There was an unquantifiable goal in mind when I decided to come back to Bethel: Take advantage of everything! A few years ago A and I tried the age old suggestion of, "Say yes to everything," but that becomes exhausting. "Say yes to more," would be an easier maxiam to follow, but still a little harder to track. One item on my birthday list was "One community event a month," so I will check this as complete.

At the beginning of the month I saw an ad on Facebook that the Smithsonian was hosting an event in Bethel focusing on seal gut sewing. As excruciating as it is to give up the entire weekend, this seemed like a worthy reason.

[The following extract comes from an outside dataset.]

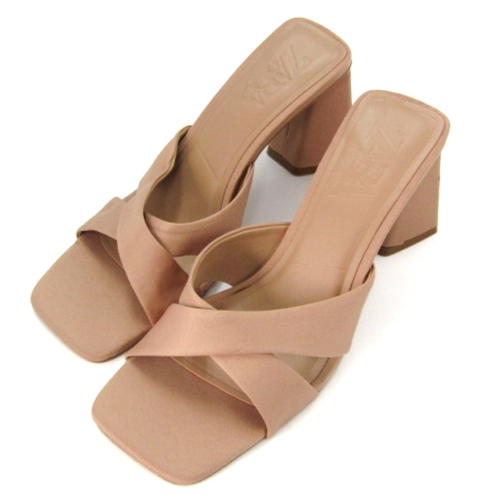 ザラ クロス サンダル チャンキーヒール 靴 レディース 36サイズ ベージュ系 ZARA 【中古】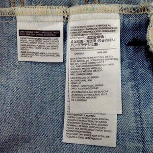 This regular fit 100% cotton non-stretch Levis denim jacket has a pointed collar, front button placket and hits at the waist. It has long sleeves with button closures at cuffs, button-flap patch pockets at chest; welt side pockets and side hem adjusters. There is a classic red tab styling. LEVIS The original jean jacket since 1967. Levi's® iconic Trucker Jackets are fit for anything and made to go the distance. This item is authentic.

This is Mary, our teacher. She has spent a lot of time in Anchorage recently working with the Anchorage Museum and Smithsonian collection as a resident artist. She had prepared all the seal gut that the native students in this class used. It is a pain staking-ly long process, including several days of soaking, cleaning, and scraping. For the rest of us, we are using hog casing or collagen. She is an excellent teacher and a wealth of information.



This are the hog casings we were blowing up and drying. It was a lot like making ballon animals, as long as you were ok with a snake or eel.


We tied them off and stung them out tight to dry. We will  learn how to cut them tomorrow.



 Then we got to the sewing. This is my two pieces of collagen sewn together. The sheets are folded over and sewn together with a piece of dried grass on either side. The grass acts as a backbone for the thread to wrap around so the thread won't pull through when you tighten each stitch. You keep the grass moistened as you go so that when you tighten the thread, it squeezes the grass to create as waterproof of a seal as you can. This is going to be a window hanging, so waterproofness isn't so important now, but if you were counting on a parka while on a kayak on the open ocean, it would be a  higher priority.




I'll go back tomorrow to add another strip, and maybe experiment with decorating the gut with pigments.